Maerchenbrunnen

Menschen, Orte und Geschichten in Friedrichshain.

# JANINE

Musikjournalistin 

Janine hebt sich ab und gehört zu einer fast schon ausgestorben scheinenden Spezies in Friedrichshain: sie ist tatsächlich hier geboren und aufgewachsen - Berlinerin in fünfter Generation. Mittlerweile wohnt sie zwei Parallelstraßen von der ehemaligen Wohnung ihrer Großmutter in der Gryphiusstraße entfernt.

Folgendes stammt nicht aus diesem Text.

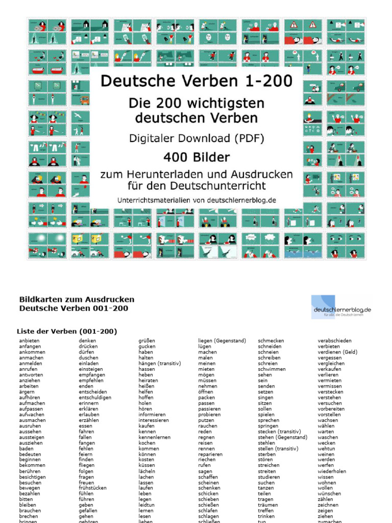 200 Deutsche Verben Bildkarten 001 200 Deutschlernerblog
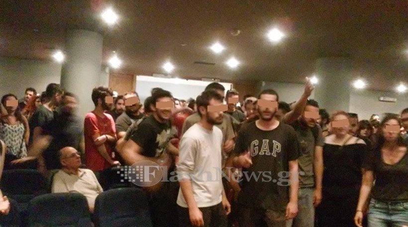 Διαδηλωτές ανάρτησαν πανό και κινήθηκαν κατά των παριστάμενων στο πνευματικό κέντρο της πόλης Ένταση επικράτησε στο χώρο του Πνευματικού Κέντρου Χανίων, όπου ήταν...

Als sie ihren Großeltern erzählte, dass sie, nach Umwegen, wieder nach Friedrichshain zieht, wollten sie gleich wissen, ob die alten Kneipen noch da sind. 

Janine, was hat Dich in letzter Zeit an Friedrichshain geärgert? So richtig geärgert hat mich ein Konzert in der neuen Kneipe im Nachbarhaus, Mittwochabend ab 23 Uhr. Die Wasserflasche auf meinem Wohnzimmertisch hat vibriert und ich musste am nächsten Morgen früh aufstehen.

Bedeutet Friedrichshain ‘Heimat’ für Dich und wie siehst Du die Veränderungen der letzten Jahre? Jepp, der Friedrichshain ist meine Heimat. Klar kann man immer rumheulen, dass früher alles besser war. Das ist aber eine ganz normale Stadtentwicklung. Ehrlich, Ende der Neunziger hätte ich dort nicht leben wollen. Alles grau und heruntergekommen. Mich stört nur die Mietsteigerung. Lange kann ich mir das nicht mehr leisten und ich will hier nicht weg.

Was hat Friedrichshain anderen Bezirken voraus? Keine Ahnung, wo der Vorteil gegenüber anderen Bezirken liegt. Vielleicht, dass ich am Ostkreuz ideal angebunden und schnell in Kreuzberg, am Alex oder im Treptower Park bin.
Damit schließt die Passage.